I’ve noticed that when using the text2vec-contextionary, one can add custom words or abbreviations (referred to as “concepts”) through the v1/modules/text2vec-contextionary/extensions/ endpoint. However, I am not utilizing the Contextionary model in my implementation.

I am already using Hybrid Search. Hence, the only solution I’ve identified is to fine-tune the embedding model I’m using to better capture the context and meaning of these abbreviations. While this approach seems promising, I’m wondering if there are any alternative methods or best practices within Weaviate that could help with this issue.

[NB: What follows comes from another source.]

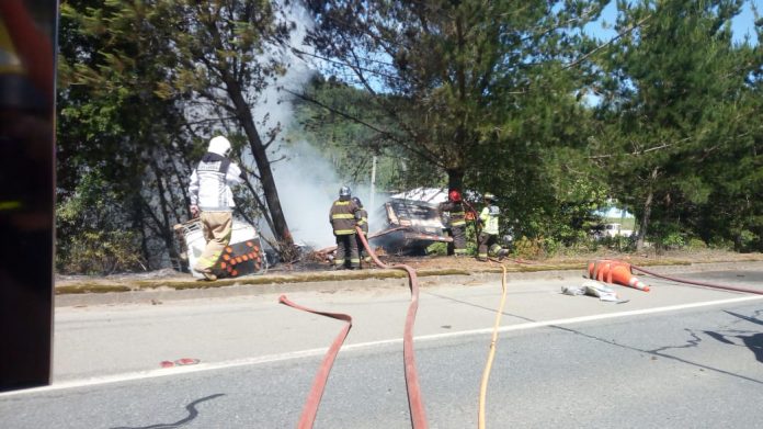 El accidente ocurrido en el kilómetro 838 de la Ruta 5 Sur se registró cerca de las 15:00 horas de este viernes, en el cual los ocupantes del camión y el vehículo (que resultaron con pérdida total) debieron salir por sus propios medios tras originarse el fuego.

Has anyone faced a similar challenge or found effective ways to handle abbreviations in their embeddings without relying on Contextionary? Any insights or suggestions would be greatly appreciated!

hi @srbk95 !!

Welcome to our community :hugs:
Sorry for the delay here.

That’s an interesting question.

The text2vec-contextionary is really not being used according to some stats we have, so I don’t think that’s an interesting path to follow.

fine tuning your model may be a long and expensive path.

One alternative way I can think of is to create your own collection of abbreviations. Before performing the hybrid search, you will search that abbreviation collection and add the most relevant abbreviations to the prompt. :thinking:

Another alternative is to add those abbreviations before ingesting the content…

Any way, let me know if you were able to come with some alternatives.

Thanks!